When I got home, I told my mother what had happened. I wasn’t normally a complainer and was completely honest that there was absolutely no injury other than being embarrassed about my wrong answer. My mother, however, was furious.
“Mrs. M2 went too far. You never touch a student. Ever,” my mother fumed. “I’m going to speak with her tomorrow.” As upset as my mom was with Mrs. M2, I knew she’d handled the situation diplomatically. (In fact, Mrs. M2 apologized to me the next day.) Even though we all moved on, there was nothing that could undo my mental trauma.
And so that was the end of my relationship with math. It was also a harsh realization for me about one of life’s greatest lessons: I wasn’t going to do well at everything that came my way.
The Math Road Not Taken
Today, I am amazed at how my kids are being taught. Maybe their school is better than 1980s Sheafe Road Elementary, but it seems like everything is taught much more intelligently. Number lines, however, still exist. They appeared weekly in our house when my kids were younger. (Now, everyone in the class gets a portable numbers line regardless of whether you need it.)

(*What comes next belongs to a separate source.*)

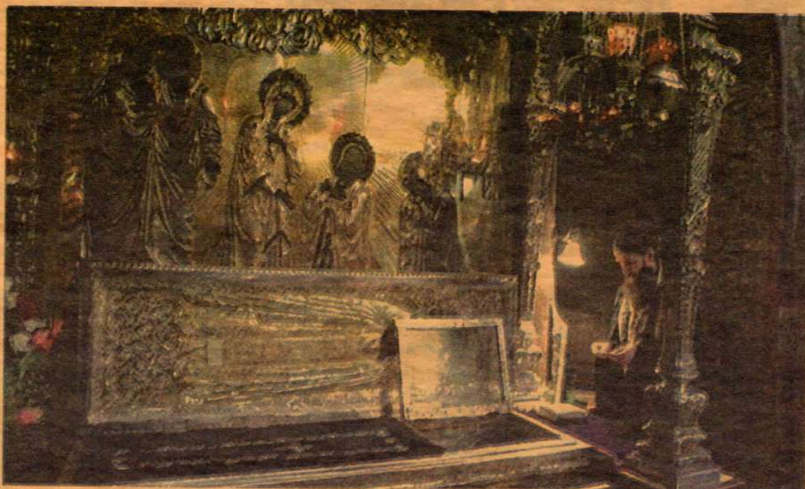
Рака с мощами преподобного Сергия Радонежского в Троицком соборе Свято-Троицкой Сергиевой Лавры

I’m jealous that my kids were taught find “friendly numbers” (fives or tens) for figuring out a math problem. And they can count forwards and backwards in their heads. In their heads!! No need for my not-so-sneaky finger counting method. If Mrs. M2 is still alive, I’d slap her on the shoulder and say “See?! Maybe your teaching was the real problem.”
I wonder if I would’ve had a completely different academic experience had I been born thirty years later. Would I still have run away from all things STEM? (Today, the only STEMs I don’t run away from are vegetables.) What would or could I have become?
Learning One of Life’s Greatest Lessons: To Offset My Shortcomings
Sure, I can blame Mrs. M and Mrs. M2 for not creating a more positive learning environment. Or, maybe if I felt more comfortable making mistakes, I would have applied myself more in math.
But then again, I simply don’t have the same natural ability for numbers that I do for words. I was born to write, not add.
Ultimately, I think the academic lesson I learned from my math failure was to offset my shortcomings. While I didn’t have the aptitude for math, I could do well in other areas.
In college, I struggled with some of the required pre-law classes. But when I added English as a second major, my GPA shot up to magna cum laude territory. In law school, I hated all the mandatory core lecture classes (unfortunately, these are the very same classes tested on the bar exam). The only way I made it through law school was because I took every legal research and writing class Brooklyn Law School ever had to offer. And I aced them.
Offsetting my shortcomings by playing to my strengths has proven to be an invaluable skill.
Today, if you want someone to quickly figure out the tip for a restaurant bill, don’t ask me—unless I have my tipping app open. But if you want to go on a trip, I am your best travel companion. I will plan itineraries down to the smallest details and account for every potential weather variation when it’s time to pack (errr, overpack).
So, thanks Mrs. M and Mrs. M2 for teaching me to be honest with myself. And yes, I’ll always remember to pack snacks and extra water for you.